● Dataset entries
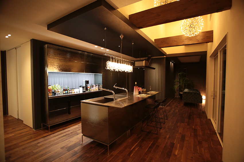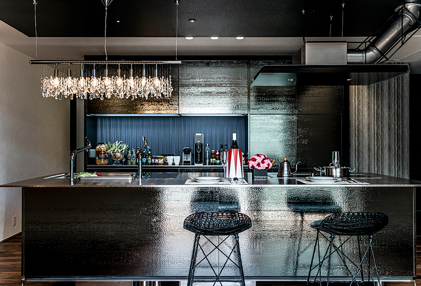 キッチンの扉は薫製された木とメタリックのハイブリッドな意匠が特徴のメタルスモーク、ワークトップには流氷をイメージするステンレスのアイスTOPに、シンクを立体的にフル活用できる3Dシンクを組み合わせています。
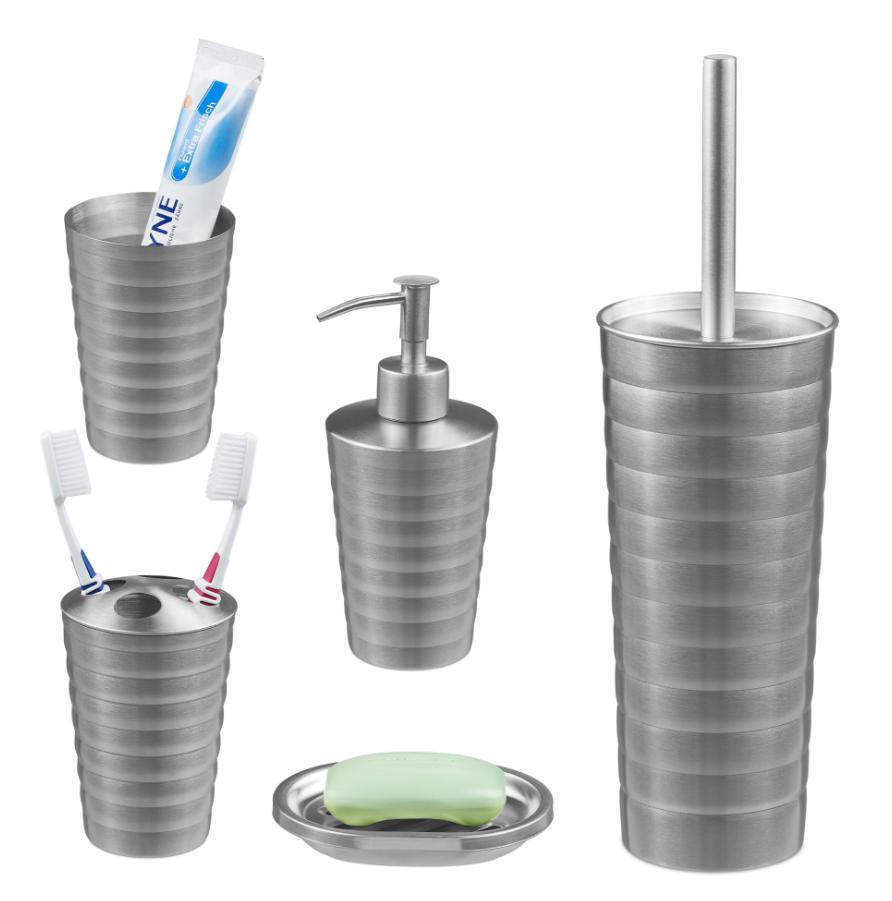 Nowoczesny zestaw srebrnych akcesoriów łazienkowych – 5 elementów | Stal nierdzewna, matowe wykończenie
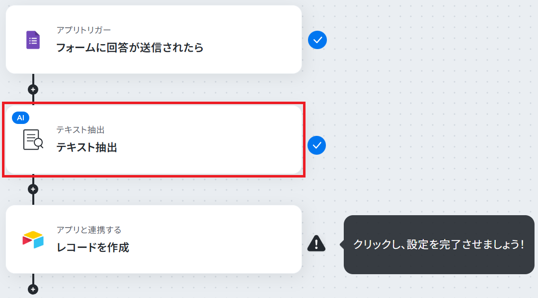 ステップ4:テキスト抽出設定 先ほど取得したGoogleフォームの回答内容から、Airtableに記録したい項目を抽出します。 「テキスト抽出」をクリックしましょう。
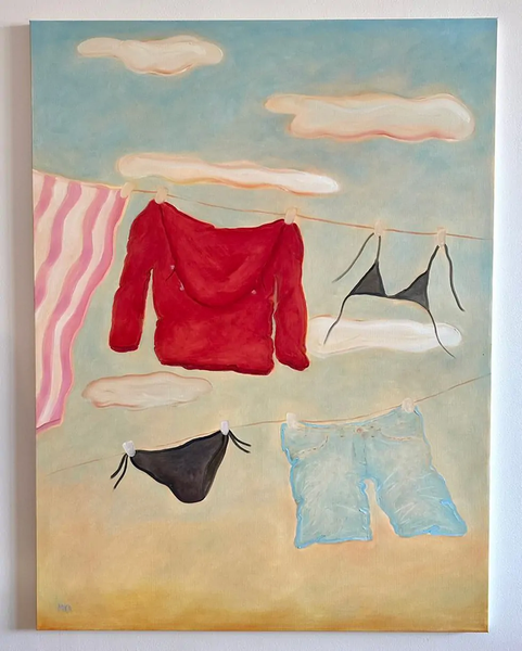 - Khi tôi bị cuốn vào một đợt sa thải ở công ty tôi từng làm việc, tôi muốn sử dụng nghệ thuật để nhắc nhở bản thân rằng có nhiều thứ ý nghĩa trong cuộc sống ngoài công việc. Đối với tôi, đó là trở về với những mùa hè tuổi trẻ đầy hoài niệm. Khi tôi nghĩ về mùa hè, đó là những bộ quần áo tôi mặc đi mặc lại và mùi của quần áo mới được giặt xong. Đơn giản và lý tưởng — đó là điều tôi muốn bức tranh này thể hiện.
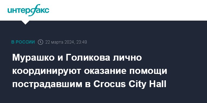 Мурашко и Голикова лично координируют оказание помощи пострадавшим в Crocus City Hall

● Task instructions
Although the records hold pictures, return only what remains, word for word.

● Expected output
 キッチンの扉は薫製された木とメタリックのハイブリッドな意匠が特徴のメタルスモーク、ワークトップには流氷をイメージするステンレスのアイスTOPに、シンクを立体的にフル活用できる3Dシンクを組み合わせています。
 Nowoczesny zestaw srebrnych akcesoriów łazienkowych – 5 elementów | Stal nierdzewna, matowe wykończenie
 ステップ4:テキスト抽出設定 先ほど取得したGoogleフォームの回答内容から、Airtableに記録したい項目を抽出します。 「テキスト抽出」をクリックしましょう。
 - Khi tôi bị cuốn vào một đợt sa thải ở công ty tôi từng làm việc, tôi muốn sử dụng nghệ thuật để nhắc nhở bản thân rằng có nhiều thứ ý nghĩa trong cuộc sống ngoài công việc. Đối với tôi, đó là trở về với những mùa hè tuổi trẻ đầy hoài niệm. Khi tôi nghĩ về mùa hè, đó là những bộ quần áo tôi mặc đi mặc lại và mùi của quần áo mới được giặt xong. Đơn giản và lý tưởng — đó là điều tôi muốn bức tranh này thể hiện.
 Мурашко и Голикова лично координируют оказание помощи пострадавшим в Crocus City Hall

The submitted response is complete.